Гипсовые слепки обнаженных мускулов, обломки и торсы античных богинь,

любовно отшлифованные поцелуями веков, загромождали полки и консоли.

Бесчисленные наброски, этюды, сделанные тремя карандашами, сангиной или

пером, покрывали стены до потолка. Ящички с красками, бутылки с маслами и

эссенциями, опрокинутые скамейки оставляли только узенький проход, чтобы

пробраться к высокому окну; свет из него падал прямо на бледное лицо Порбуса

и на голый, цвета слоновой кости, череп странного человека. Внимание юноши

было поглощено одной лишь картиной, уже знаменитой даже в те тревожные,

смутные времена, так что ее приходили смотреть упрямцы, которым мы обязаны

сохранением священного огня в дни безвременья. Эта прекрасная страница

искусства изображала Марию Египетскую, намеревающуюся расплатиться за

переправу в лодке. Шедевр, предназначенный для Марии Медичи, был ею

впоследствии продан в дни нужды.

- Твоя святая мне нравится, - сказал старик Порбусу, - я заплатил бы

тебе десять золотых экю сверх того, что дает королева, но попробуй

посоперничай с ней... черт возьми!

- Вам нравится эта вещь?

- Хе-хе, нравится ли? - пробурчал старик. - И да и нет. Твоя женщина

хорошо сложена, но она неживая. Вам всем, художникам, только бы правильно

нарисовать фигуру, чтобы все было на месте по законам анатомии. Вы

раскрашиваете линейный рисунок краской телесного тона, заранее составленной

на вашей палитре, стараясь при этом делать одну сторону темнее, чем другую,

- и потому только, что время от времени вы смотрите на голую женщину,

стоящую перед вами на столе, вы полагаете, что воспроизводите природу, вы

воображаете, будто вы - художники и будто вы похитили тайну у бога... Бррр!

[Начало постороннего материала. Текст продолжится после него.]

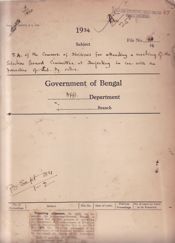 | Rack No. 02, Bundle No. 13, Sl No. 810 Summary powers of Mr. Viresh Chandra Datta Deputy Magistrate Dinajpur. | Rack No. 02, Bundle No. 13, Sl No. 811 Note from Rai Sahib Panchanan Barma regarding appointment of Backward class to Ministerial service in District of Dinajpur. | Rack No. 02, Bundle No. 13, Sl No. 812 Application of Babu Mohit Kumar Banerjee for admission to the Indian Police Examination. | Rack No. 02, Bundle No. 13, Sl No. 813 T.A. of commissioners of Divisions to attend the meetings of a committee of Selection Board at Darjeeling. | Rack No. 02, Bundle No. 13, Sl No. 814 Employment of a temporary peon in the Midnapur Collectorate for work in connection with election. | Rack No. 02, Bundle No. 13, Sl No. 815 Legislative Assembly Electoral Rules and Regulations. | Rack No. 02, Bundle No. 13, Sl No. 816 Application from Mr. Shushil Kumar Mitter for admission to the Indian Audit Examination 1934. |

Для того чтобы быть великим поэтом, недостаточно знать в совершенстве

синтаксис и не делать ошибок в языке! Посмотри на свою святую, Порбус! С

первого взгляда она кажется прелестной, но, рассматривая ее дольше,

замечаешь, что она приросла к полотну и что ее нельзя было бы обойти кругом.

Это только силуэт, имеющий одну лицевую сторону, только вырезанное

изображение, подобие женщины, которое не могло бы ни повернуться, ни

переменить положение, я не чувствую воздуха между этими руками и фоном

картины; недостает пространства и глубины; а между тем законы удаления

вполне выдержаны, воздушная перспектива соблюдена точно; но, несмотря на все

эти похвальные усилия, я не могу поверить, чтобы это прекрасное тело было

оживлено теплым дыханием жизни; мне кажется, если я приложу руку к этой

округлой груди, я почувствую, что она холодна, как мрамор! Нет, друг мой,

кровь не течет в этом теле цвета слоновой кости, жизнь не разливается

пурпурной росой по венам и жилкам, переплетающимся сеткой под янтарной

прозрачностью кожи на висках и на груди. Вот это место дышит, ну, а вот

другое совсем неподвижно, жизнь и смерть борются в каждой частице картины;

здесь чувствуется женщина, там - статуя, а дальше - труп. Твое создание

несовершенно. Тебе удалось вдохнуть только часть своей души в свое любимое

творение. Факел Прометея угасал не раз в твоих руках, и небесный огонь не

коснулся многих мест твоей картины.

- Но отчего же, дорогой учитель? - почтительно сказал Порбус старику, в

то время как юноша еле сдерживался, чтобы не наброситься на него с кулаками.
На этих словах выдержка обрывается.